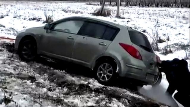 Мужики помогают женщине выбраться на трассе в Омске 2 камера
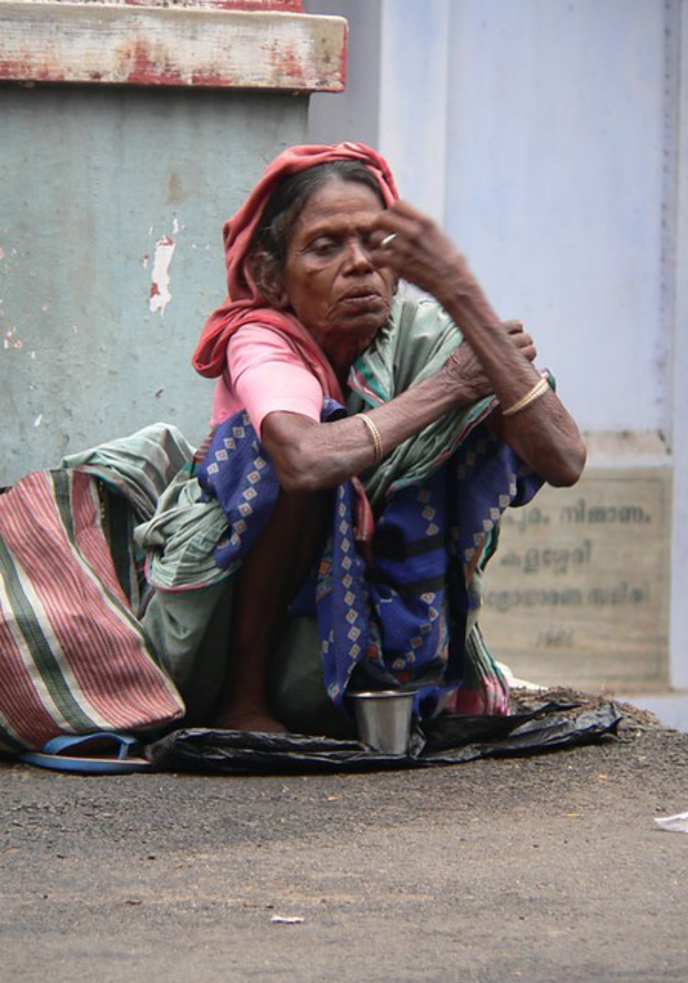 फ़टे लिबास में व्यापारी का दरवाजा खटखटाकर
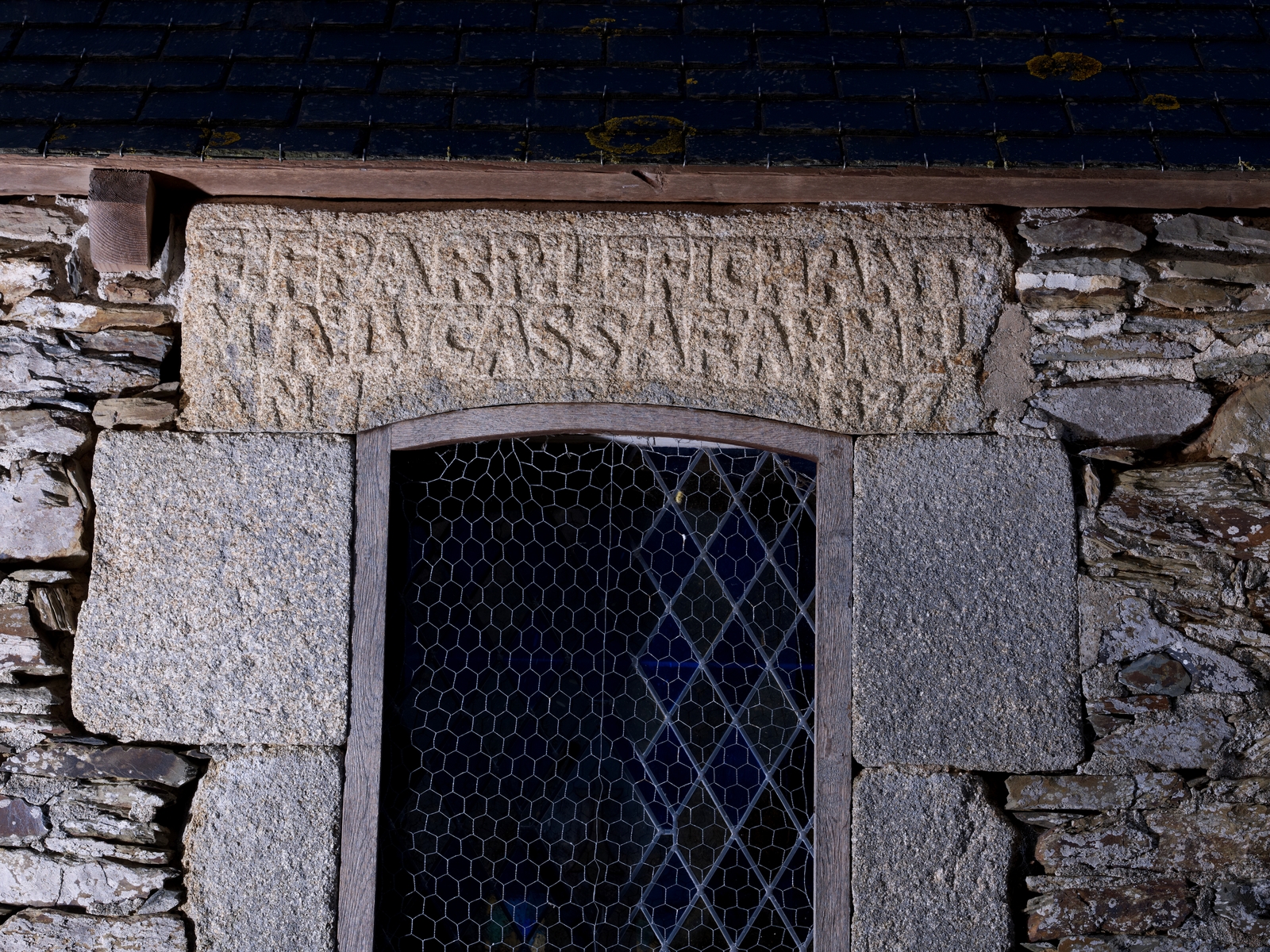 Chapelle du manoir. Façade sud. Détail d'un linteau sculpté d'une inscription : F:FPARP:LEFICHANT:M:A:LUCASSAFAMME AN 1827Immatriculation

■ **What the exercise asks**
Leave the images aside and retype each line of the listing above exactly.

■ **Answer to this task**
 Мужики помогают женщине выбраться на трассе в Омске 2 камера
 फ़टे लिबास में व्यापारी का दरवाजा खटखटाकर
 Chapelle du manoir. Façade sud. Détail d'un linteau sculpté d'une inscription : F:FPARP:LEFICHANT:M:A:LUCASSAFAMME AN 1827Immatriculation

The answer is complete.